Liebmann - (still unfinished) software to make charged particle optics computations.

About program

Liebmann software is intended to make computatios of electron / ion optical systems.
Now it can determine distribution of electric field potential in vacuum (metal electrodes and vacuum, without dielectric).

Laplace equation

Liebmann software can solve Laplace equation.

This is partial differential equation, which describes electrostatic field in vacuum. We postulate, that metal electrodes have fixed electrostatic potentials and they are surrounded by electrostatic field.

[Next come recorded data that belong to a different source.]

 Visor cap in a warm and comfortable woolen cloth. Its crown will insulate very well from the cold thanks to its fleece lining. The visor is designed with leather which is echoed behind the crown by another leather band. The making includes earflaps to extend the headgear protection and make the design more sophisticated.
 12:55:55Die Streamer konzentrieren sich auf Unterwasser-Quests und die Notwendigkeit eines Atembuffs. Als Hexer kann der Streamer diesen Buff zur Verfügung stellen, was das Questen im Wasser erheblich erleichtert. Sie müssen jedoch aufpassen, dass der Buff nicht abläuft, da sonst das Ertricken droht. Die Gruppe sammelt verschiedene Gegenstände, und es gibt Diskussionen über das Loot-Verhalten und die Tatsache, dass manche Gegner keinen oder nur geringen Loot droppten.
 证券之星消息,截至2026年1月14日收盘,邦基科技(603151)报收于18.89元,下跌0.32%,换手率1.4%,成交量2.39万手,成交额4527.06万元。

We want to detemine distribution of electrostatic potential of this field. We want do determine electrostatic potential in all mesh points, which represent vacuum.

Example below describes such non-standard problem. This is two - dimensional problem (X-Y). Left picture describes numerical meshes, which are used in computations. There are two plane plates. However, they have inequal length. Numerical mesh has 200 rows and 200 columns. Green electrode has potential -1.0 [V]. Red electrode has potential +1.0 [V]. White points in electrode surrounding represent vacuum. We want to determine electrostatic potential distribution in vacuum points. It can be calculated using for example relaxation method, which can be done by Liebmann program. The middle picture describes computation result - mapping calculated potential to colours. Mapping algorithm is "jet" (described in documentation). Right picture shows equipotential lines. Detailed description if this problem has been showed in gallery (problem No. 9).

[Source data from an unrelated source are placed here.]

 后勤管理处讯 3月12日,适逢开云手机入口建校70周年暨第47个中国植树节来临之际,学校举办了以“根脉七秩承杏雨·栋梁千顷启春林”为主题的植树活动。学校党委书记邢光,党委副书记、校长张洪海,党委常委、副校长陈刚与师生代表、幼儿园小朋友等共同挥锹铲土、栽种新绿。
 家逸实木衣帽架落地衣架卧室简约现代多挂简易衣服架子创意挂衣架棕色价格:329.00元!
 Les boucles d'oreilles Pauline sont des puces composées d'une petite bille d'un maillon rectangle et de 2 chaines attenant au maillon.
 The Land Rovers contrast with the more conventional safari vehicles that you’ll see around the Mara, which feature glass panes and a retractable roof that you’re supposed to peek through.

Pictures on this site have 2 pixels wide frames.

Relaxation method

Liebmann program uses relaxation method (consecutive approximations). This method is also named Liebmann'a relaxation method. The goal is determination of distribution of electrostatic potential at points, which represent vacuum. The relaxation method consists in processing relaxation procedure for each point, which represents vacuum. If this point is inside mesh this procedure may seem to be easy (in 2D X-Y geometry) (adding potentials of 4 nearest neighbours of given mesh - from left, right, up, bottom and then multiply this sum by 4). After each relaxation procedure we check, how much new value differs from old value stored in our point. It enable us to check the maximal change of potental on whole the mesh during relaxation procedure. If another relaxation procedure processed on mesh does not change significantly the potential distribution, then computation is stopped and our potential distribution on mesh is treated as a newly found solution. Obtained results are written to output files.

Technical details

Liebmann software is based on robust FLOSS tools (ANSI C language, gcc compiler).
Liebmann is being developed on 2 environments:

• Linux Mint - (gcc, xed, texlive, netpbm)
• MS Windows(TM) - gcc (MinGW-w64, MSYS2, ucrt), Notepad++, MiKTeX, Faststone Image Viewer)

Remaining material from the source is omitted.